So what I figured out is that the philosophy, the belief behind that particular statement, or at least the logical extension of that belief, is the polar opposite of the way I parent. I don't believe my children owe me anything. I don't believe they are responsible for my happiness, now or in my sunset years. This responsibility, of ensuring we achieved the most important goal (ha! try the only goal) in our lives at the time--getting knocked up-- it's huge. I would never ask my living child to assume responsibility for anything remotely as significant to me, so why would I place that on my dead one? And if we didn't get knocked up, when we didn't for six months after starting to try, if I miscarried, would, were those things A's fault?
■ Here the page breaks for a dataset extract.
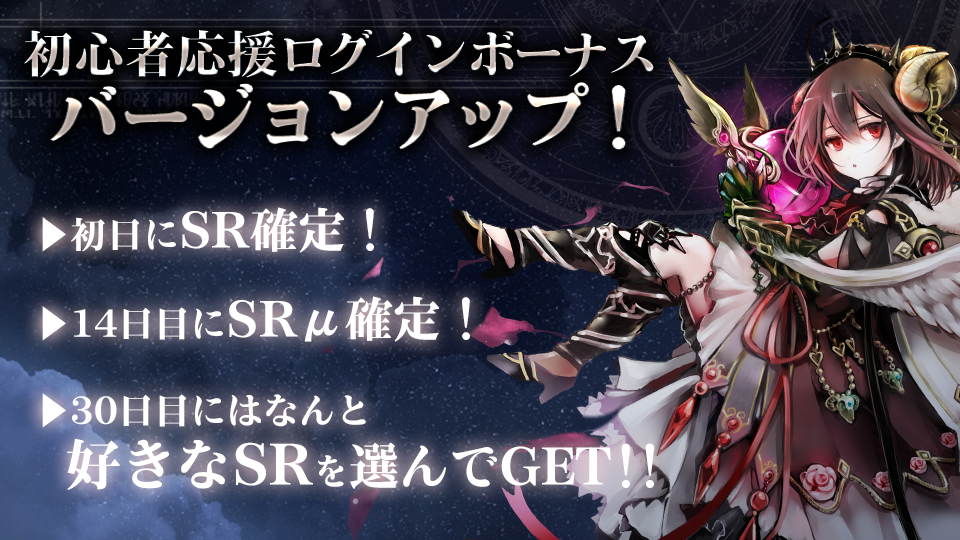 既存の初心者応援ログインボーナスと同じく「SR魔神召喚の供物」に加えて、14日目には「新規14日記念SRμ7PUの供物」、
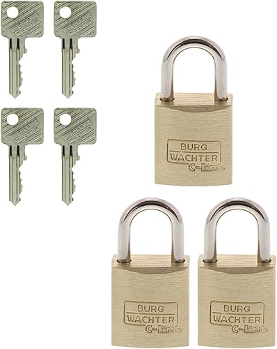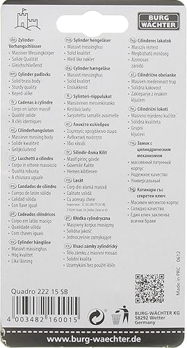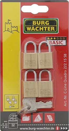 Burg Wächter Vorhängeschloss, 4er-Set, 5 mm Bügelstärke, 4 Schlüssel, Quadro 222 30 SB, QUADRO 222 30 GL SB

I know people don't mean that. I know people don't extend their thought to the logical conclusion as I just did here, but I seem to need to do that. I am very much into the logical extensions these days. As an aside, this logical extension business is also why I can't deal with people crediting God with answering their prayers and giving them X they asked for, where X is the miracle baby, recovery from major illness, safety of a loved one, or just about anything that isn't peace and wisdom. Because I absolutely have to flip what they are saying in my mind and see it as an indication that unlike their deserving selves, everyone who didn't get these same things must not really deserve them.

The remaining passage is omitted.